Posted by gaye harris | April 19, 2011 8:11 PM
Math is a cruel mistress. The current year federal deficit is $1.5 trillion dollars. That is 68 percent as much as all the federal taxes collected in the current budget. Rescinding the "Bush tax cuts" would not come close to reaching that number. If you confiscated 100 percent of all the income of the top 400 taxpayers (as reported a few days ago) you would raise "only" $138 billion - less then 10 percent of what's needed just to close this year's deficit. And of course beyond the 400, you have less and less money for the government to confiscate. Confiscating 100 percent of the income of "the rich" wouldn't close the deficit...and you could only do it once and then your budget hole opens right back up again.
Remember when Measure 66 & 67's taxes on "the rich" and "evil corporations" were going to raise $733 million? How many times are you going to be fooled by the same lies?
Posted by John Fairplay | April 20, 2011 7:40 AM
Living on the credit card is a fine solution. Until the credit card won't work.
The dot.com bubble led to the housing bubble: "can't lose" frothiness was the result of easy money and the presumption that asset prices only go up.
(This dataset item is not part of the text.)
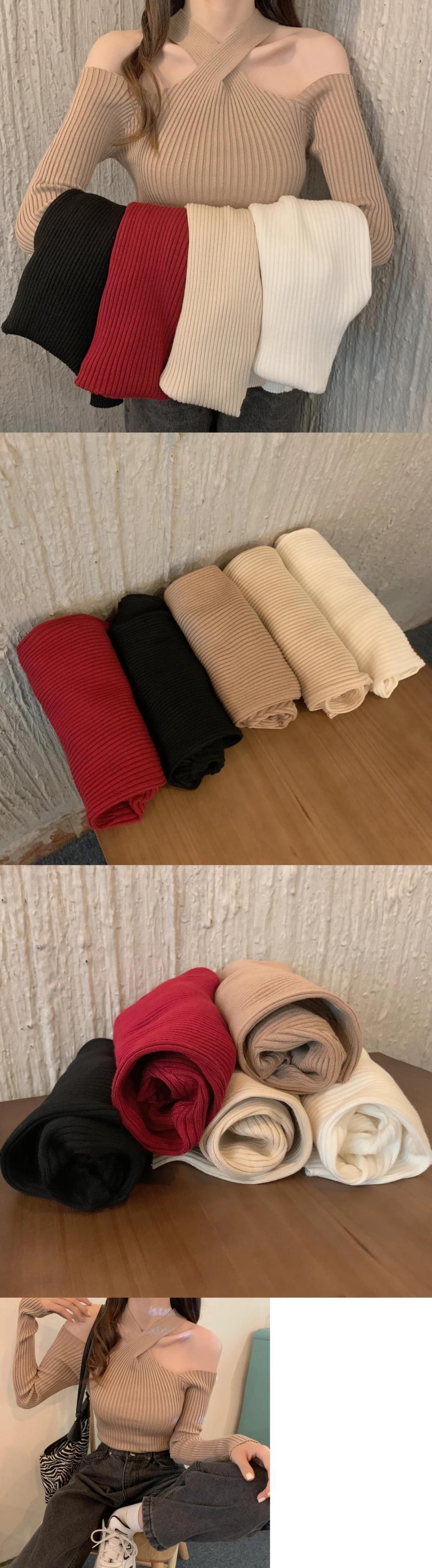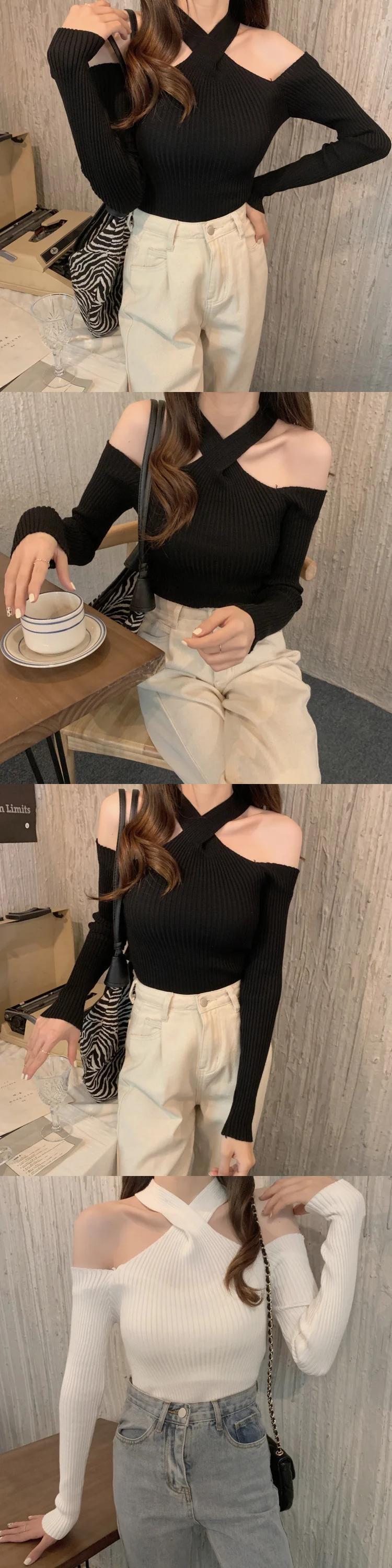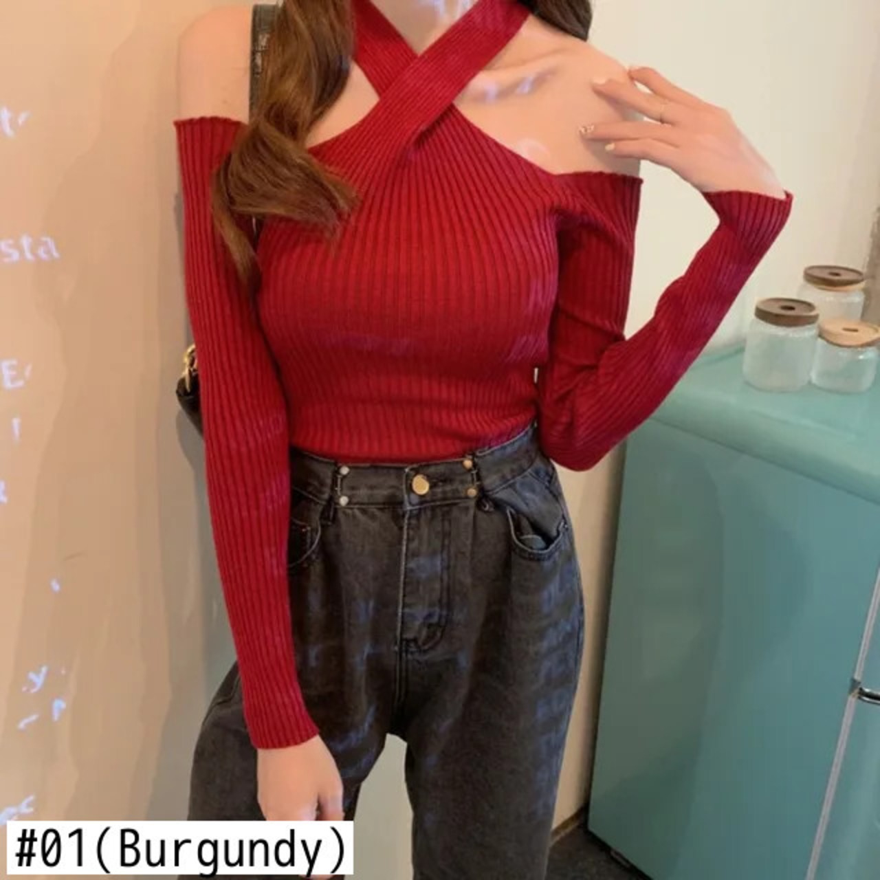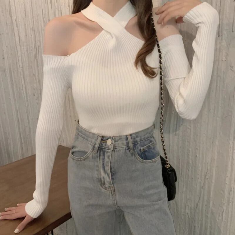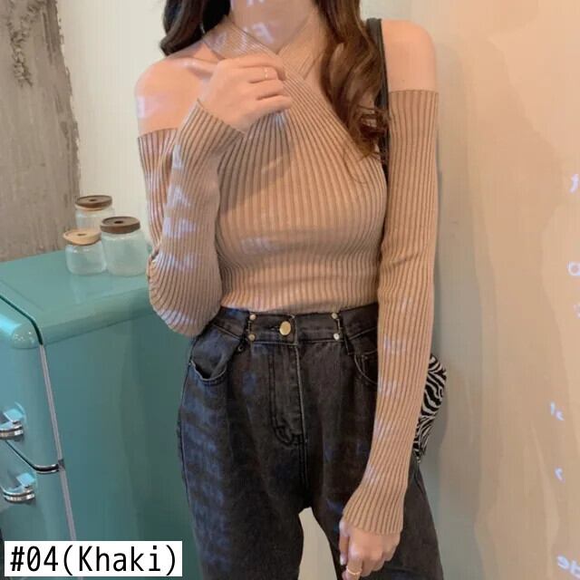 送料無料 秋のセクシーなオフショルダー長袖ニット女性セーター十字ホルターネック底トップスプルオーバー 28634 ロング オータム 秋物 AE665656634326788256

The collapse of the housing bubble forced the Feds to nationalize Fannie and Freddy in order to prevent them from jacking up the risk premiums that would have resulted in 7% 30 year mortgage rates, or higher (and protect foreign GSE bond buyers).
In doing so, they took all of those Fannie/Freddy mortgage charge offs and transferred those losses to our public debt.
Those liabilities aren't even reflected in the current debate, and represent another 50% increase in the National Debt.
It works until it doesn't. That's why gold is trading above $1,500/ounce.
Posted by Mister Tee | April 20, 2011 8:43 AM
Right, MJ, we need to cut spending. But not the doctors! They might object. And not defense, of course. And not the FBI, since they keep us safe. Cut welfare for sure -- but not the kind that goes to businesses or high-income individuals.
Thanks for putting words in my mouth Miles, but you're wrong.
My points about Medicare are twofold. First, many including the CBO director Doug Elmendorf, have expressed skepticism that the cuts to Medicare will actually occur, since they never have in the past. Any previous attempts to address Medicare's cost growth have run afoul of AARP and many other well-connected beneficiaries.
Secondly, if you think you can sharply reduce doctor reimbursements without affecting their participation in the program, then you probably also believe that the other provisions in the health care bill will save money too. The Easter Bunny isn't real, either.
I said nothing in my post about defense spending, the FBI, welfare or tax breaks. For the record, I support letting the Bush tax cuts expire (all of them, that is), but I am not foolish enough to believe this will magically solve our deficit problems. Nor do I believe welfare -- the "good" kind -- is really the source of most of our deficits.
Entitlement spending was a problem long before the recent recession. The unfunded liabilities they present are enough to sink us, alone. Fortunately, there are people like David Walker who have been trying to alert us to this for some time. Unfortunately, people like yourself seem more inclined to bury their heads in the sand.